The growing popularity of the social media application, Yik Yak, highlights how the Internet can foster social isolation in its frequenters.
Yik Yak allows users to submit anonymous messages to an interactive message board that displays posts specific to their geographic locations. In doing so, it creates the toxicity of YouTube comments sections in a regionalized area.
This tendency is evident when reading some of the more popular posts, or “yaks.” Some of them are genuinely funny, while others are genuinely awful. The worst yaks rely on petty insults concerning specific people or groups. This behavior emphasizes a group mentality of hostility that tends to surface under the protection of anonymity.
Accompanying the rise of the Internet and social networking is a sort of tribalism, an unrestrained means of communication—people can say what would usually go unsaid and be sure others will support them, no matter what the topic or claim.
Online communities such as Reddit’s Red Pill and YouTube comments sections demonstrate the reckless abandon people enjoy in their sense of individual anonymity. When your identity is hidden, you often think you can say anything. Unfortunately, these things, uncensored and impromptu, frequently end up being crass and demeaning to people who can’t necessarily defend themselves.
With the ever-increasing permeation of social media into our daily lives, it is nearly impossible at this point to avoid using sites such as Facebook or Twitter for simple interactions. Yik Yak is one of the first to utilize the removal of personal accountability as its selling point.

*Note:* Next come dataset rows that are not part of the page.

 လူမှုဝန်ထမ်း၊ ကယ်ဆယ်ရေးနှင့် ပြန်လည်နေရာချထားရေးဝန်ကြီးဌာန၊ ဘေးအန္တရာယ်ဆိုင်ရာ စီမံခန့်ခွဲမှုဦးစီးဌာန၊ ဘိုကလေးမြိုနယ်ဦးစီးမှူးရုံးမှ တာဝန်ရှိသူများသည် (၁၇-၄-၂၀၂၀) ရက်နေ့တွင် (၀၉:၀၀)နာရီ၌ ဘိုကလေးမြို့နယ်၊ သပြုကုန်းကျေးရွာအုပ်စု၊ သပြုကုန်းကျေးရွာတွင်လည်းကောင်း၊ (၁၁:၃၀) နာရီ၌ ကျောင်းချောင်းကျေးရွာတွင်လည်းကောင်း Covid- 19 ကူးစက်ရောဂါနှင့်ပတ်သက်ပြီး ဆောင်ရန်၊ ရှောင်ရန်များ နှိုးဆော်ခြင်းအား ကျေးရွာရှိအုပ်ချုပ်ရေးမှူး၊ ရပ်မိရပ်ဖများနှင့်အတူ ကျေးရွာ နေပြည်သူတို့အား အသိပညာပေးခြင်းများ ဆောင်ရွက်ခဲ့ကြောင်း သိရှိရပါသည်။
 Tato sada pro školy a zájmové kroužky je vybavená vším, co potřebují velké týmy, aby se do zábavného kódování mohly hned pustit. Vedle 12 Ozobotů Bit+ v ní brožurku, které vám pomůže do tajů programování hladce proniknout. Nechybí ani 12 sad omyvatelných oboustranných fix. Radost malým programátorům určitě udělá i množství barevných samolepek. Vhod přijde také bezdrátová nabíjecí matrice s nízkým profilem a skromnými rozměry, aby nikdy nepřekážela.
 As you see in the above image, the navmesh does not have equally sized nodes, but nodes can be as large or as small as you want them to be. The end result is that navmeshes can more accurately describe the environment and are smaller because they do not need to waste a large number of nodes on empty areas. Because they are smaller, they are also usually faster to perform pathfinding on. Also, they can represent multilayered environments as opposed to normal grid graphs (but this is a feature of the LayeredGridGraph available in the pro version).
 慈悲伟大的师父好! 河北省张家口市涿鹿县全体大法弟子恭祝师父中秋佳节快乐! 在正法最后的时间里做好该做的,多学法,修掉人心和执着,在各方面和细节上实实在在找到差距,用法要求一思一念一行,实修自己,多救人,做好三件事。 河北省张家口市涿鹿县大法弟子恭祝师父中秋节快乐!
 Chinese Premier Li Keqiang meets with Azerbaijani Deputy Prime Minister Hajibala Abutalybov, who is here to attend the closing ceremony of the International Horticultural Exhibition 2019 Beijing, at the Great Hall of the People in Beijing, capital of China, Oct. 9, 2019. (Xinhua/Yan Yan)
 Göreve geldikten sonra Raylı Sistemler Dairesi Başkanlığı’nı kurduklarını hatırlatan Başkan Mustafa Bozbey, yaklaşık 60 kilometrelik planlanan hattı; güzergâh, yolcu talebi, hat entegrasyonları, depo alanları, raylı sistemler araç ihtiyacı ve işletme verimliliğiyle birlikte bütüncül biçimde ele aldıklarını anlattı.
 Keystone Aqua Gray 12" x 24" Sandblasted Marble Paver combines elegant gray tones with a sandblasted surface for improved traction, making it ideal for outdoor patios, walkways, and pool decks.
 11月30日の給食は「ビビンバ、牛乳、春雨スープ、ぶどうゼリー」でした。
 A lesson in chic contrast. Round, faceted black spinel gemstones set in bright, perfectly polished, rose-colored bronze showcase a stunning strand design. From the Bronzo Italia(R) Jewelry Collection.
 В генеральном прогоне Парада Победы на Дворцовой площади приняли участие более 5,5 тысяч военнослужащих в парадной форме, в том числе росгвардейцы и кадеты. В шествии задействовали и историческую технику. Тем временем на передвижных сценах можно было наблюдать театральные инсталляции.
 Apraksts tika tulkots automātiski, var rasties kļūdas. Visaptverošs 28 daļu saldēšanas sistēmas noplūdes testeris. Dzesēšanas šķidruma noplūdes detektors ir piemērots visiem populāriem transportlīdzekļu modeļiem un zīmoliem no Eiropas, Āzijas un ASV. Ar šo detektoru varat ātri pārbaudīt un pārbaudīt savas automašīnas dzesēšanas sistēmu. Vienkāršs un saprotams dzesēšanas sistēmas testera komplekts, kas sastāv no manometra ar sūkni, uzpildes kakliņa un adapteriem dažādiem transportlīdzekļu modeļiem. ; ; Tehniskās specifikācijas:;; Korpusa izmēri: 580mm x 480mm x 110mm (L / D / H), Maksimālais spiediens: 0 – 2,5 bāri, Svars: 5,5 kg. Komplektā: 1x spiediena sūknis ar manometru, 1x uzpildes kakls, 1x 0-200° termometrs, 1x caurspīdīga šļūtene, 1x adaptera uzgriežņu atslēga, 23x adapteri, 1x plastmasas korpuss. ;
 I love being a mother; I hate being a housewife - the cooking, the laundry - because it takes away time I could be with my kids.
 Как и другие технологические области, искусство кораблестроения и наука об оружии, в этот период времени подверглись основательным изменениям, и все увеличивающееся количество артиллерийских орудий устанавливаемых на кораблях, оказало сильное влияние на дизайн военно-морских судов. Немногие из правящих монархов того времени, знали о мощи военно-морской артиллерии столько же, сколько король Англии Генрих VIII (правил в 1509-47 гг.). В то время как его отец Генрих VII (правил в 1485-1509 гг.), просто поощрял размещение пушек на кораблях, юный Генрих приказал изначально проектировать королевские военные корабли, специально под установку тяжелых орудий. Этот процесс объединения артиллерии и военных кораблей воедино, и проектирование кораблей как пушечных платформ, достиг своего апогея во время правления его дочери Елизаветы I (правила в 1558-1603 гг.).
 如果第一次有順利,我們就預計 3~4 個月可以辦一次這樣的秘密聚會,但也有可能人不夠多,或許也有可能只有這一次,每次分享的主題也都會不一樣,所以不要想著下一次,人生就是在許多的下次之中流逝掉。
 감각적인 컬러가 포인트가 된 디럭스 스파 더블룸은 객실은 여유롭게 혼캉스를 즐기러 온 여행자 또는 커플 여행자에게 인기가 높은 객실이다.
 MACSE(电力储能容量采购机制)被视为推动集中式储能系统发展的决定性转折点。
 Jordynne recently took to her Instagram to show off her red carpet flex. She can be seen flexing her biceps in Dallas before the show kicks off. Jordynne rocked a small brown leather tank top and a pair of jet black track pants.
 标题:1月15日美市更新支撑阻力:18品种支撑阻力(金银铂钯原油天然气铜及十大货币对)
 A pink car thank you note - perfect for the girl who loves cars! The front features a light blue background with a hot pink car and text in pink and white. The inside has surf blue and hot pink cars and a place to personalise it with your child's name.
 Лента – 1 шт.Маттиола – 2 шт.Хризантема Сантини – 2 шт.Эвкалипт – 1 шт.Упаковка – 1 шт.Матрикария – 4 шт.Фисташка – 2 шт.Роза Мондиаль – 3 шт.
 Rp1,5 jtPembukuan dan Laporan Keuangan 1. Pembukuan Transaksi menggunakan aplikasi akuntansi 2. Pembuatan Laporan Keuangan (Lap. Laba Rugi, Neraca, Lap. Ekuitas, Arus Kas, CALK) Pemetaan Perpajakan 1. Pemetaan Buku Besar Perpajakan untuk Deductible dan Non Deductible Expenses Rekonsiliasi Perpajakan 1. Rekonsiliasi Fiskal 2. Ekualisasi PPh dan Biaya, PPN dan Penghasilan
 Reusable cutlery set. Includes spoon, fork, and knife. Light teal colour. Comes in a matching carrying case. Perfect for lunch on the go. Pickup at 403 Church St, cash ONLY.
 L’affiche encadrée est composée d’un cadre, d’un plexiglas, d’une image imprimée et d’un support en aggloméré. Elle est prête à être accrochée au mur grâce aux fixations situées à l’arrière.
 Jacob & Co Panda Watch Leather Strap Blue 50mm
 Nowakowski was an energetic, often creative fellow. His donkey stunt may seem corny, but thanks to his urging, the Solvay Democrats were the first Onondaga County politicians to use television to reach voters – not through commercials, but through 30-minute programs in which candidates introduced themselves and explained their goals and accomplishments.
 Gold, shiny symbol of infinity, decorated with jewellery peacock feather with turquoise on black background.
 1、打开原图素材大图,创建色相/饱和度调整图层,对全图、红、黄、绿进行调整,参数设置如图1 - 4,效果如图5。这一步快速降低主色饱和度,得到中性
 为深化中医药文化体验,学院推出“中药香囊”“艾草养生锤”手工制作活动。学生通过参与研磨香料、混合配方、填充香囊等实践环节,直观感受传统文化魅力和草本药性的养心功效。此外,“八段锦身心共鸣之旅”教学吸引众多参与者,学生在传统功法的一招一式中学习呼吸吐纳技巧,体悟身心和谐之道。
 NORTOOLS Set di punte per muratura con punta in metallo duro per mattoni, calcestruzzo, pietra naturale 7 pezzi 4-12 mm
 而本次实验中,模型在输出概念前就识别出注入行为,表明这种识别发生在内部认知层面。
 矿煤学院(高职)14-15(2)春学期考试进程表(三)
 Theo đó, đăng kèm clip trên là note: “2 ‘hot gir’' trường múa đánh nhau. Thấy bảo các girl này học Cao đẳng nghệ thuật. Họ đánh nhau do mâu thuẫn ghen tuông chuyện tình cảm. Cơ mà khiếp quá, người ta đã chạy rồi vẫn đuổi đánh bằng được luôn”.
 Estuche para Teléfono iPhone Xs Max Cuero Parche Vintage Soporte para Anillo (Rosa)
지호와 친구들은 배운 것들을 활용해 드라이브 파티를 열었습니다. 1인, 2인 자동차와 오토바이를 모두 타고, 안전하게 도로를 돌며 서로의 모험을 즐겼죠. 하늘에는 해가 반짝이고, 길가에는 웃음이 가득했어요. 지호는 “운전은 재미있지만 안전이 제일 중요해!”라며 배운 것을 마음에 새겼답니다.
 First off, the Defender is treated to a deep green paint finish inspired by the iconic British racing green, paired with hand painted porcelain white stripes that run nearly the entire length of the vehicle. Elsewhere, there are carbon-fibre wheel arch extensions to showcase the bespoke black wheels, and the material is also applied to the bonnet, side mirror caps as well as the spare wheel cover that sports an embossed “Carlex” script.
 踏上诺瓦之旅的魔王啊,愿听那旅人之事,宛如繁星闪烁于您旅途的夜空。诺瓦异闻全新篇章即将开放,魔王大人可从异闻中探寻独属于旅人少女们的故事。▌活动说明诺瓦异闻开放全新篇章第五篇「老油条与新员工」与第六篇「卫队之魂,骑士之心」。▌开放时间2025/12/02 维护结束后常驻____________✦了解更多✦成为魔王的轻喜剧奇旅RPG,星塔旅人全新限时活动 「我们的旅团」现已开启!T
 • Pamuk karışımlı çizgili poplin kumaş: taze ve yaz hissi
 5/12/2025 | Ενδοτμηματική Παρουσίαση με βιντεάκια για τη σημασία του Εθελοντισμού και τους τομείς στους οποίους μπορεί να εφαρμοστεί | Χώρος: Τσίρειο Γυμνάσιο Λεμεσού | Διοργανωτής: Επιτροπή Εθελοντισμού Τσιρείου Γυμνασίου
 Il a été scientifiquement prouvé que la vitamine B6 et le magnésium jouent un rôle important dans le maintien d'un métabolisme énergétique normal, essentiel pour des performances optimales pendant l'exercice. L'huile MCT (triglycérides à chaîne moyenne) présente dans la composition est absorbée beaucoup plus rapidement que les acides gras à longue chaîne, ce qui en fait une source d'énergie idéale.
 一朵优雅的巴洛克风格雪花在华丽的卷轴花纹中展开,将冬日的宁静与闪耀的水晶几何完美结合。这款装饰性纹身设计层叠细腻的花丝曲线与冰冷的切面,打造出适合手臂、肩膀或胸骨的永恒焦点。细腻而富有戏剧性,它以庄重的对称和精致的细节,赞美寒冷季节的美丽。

When sites introduce anonymity to a population, we see a notable increase in hateful content. A lack of moderation combined with the complete anonymity on Yik Yak allows us to see the true thoughts and opinions of the people who surround us. Though the content of Yik Yak may be eye opening, it also allows the perpetuation of venomous ideas in our immediate surroundings.
Like most other social media applications, a minority of its users exploits Yik Yak for vindictive purposes. Although a lot of the messages are funny or harmless, a significant amount is anything but. These comments promote to the collective consciousness ideas of misogyny, racism and the safety accompanying groupthink.
In anonymity, people find it exceptionally easier to post malicious content because any consequences they may face will not be associated with their social identities. Those who abuse the application in this manner sustain no repercussions aside from their yak being deleted. This is not acceptable.
It is voyeuristic to an extent that users of Yik Yak can infiltrate nearly any situation in secret if they own a smartphone. The application encourages passive engagement in our environments; we believe we are truly free while hiding behind a computer screen.
Yik Yak is dangerous because it allows users to openly target people in a public forum without being held responsible for the damages they may cause. If a person brutally insults the physical appearance of another on Yik Yak, he or she is able to maintain facelessness, leaving the victim unable to retaliate. In this way, “Yik Yakers” can use the application to participate in cyberbullying.
The Internet, at its worst, promotes an unfettered free speech mentality that is so common in teenagers and young adults today. They insist, “I should be able to say whatever I want!” Yik Yak caters to this mindset of entitlement by allowing every opinion that appears on the screen to potentially be validated by other users in the form of up votes.
And, well, we should be able to say whatever we want. But we must also be willing to face the consequences if our statements are harmful or ignorant.